**INSTRUCTIONS TO FOLLOW**. The answer consists solely of the lines running from the one with "Green Velvet Marcella" through the final line below, transcribed exactly and without any pictures.

**PROVIDED DATA**.
_ _ _
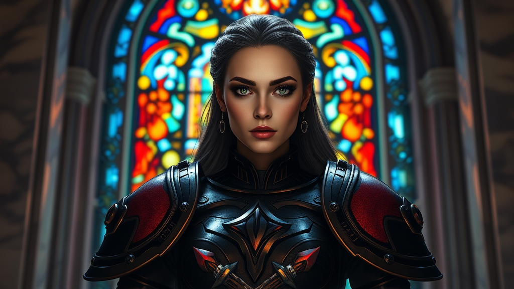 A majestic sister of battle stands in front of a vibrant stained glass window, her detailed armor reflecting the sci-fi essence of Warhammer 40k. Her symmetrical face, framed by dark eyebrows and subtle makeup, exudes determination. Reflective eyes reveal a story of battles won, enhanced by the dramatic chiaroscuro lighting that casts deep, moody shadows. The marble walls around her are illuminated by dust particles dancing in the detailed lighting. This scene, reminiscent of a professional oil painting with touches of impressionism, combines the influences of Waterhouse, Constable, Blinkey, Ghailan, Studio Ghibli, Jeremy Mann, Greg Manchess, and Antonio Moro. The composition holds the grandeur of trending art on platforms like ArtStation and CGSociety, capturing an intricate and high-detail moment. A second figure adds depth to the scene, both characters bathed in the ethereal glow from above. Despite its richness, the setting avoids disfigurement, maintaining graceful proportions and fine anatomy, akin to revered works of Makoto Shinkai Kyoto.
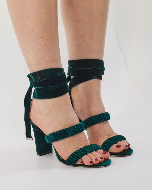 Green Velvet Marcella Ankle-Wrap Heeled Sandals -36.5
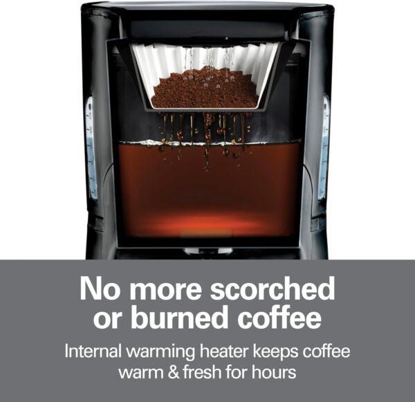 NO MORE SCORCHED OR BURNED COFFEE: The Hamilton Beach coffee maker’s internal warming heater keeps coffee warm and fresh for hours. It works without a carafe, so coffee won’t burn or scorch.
_ _ _
**SOLUTION TO THIS PROBLEM**.
 Green Velvet Marcella Ankle-Wrap Heeled Sandals -36.5
 NO MORE SCORCHED OR BURNED COFFEE: The Hamilton Beach coffee maker’s internal warming heater keeps coffee warm and fresh for hours. It works without a carafe, so coffee won’t burn or scorch.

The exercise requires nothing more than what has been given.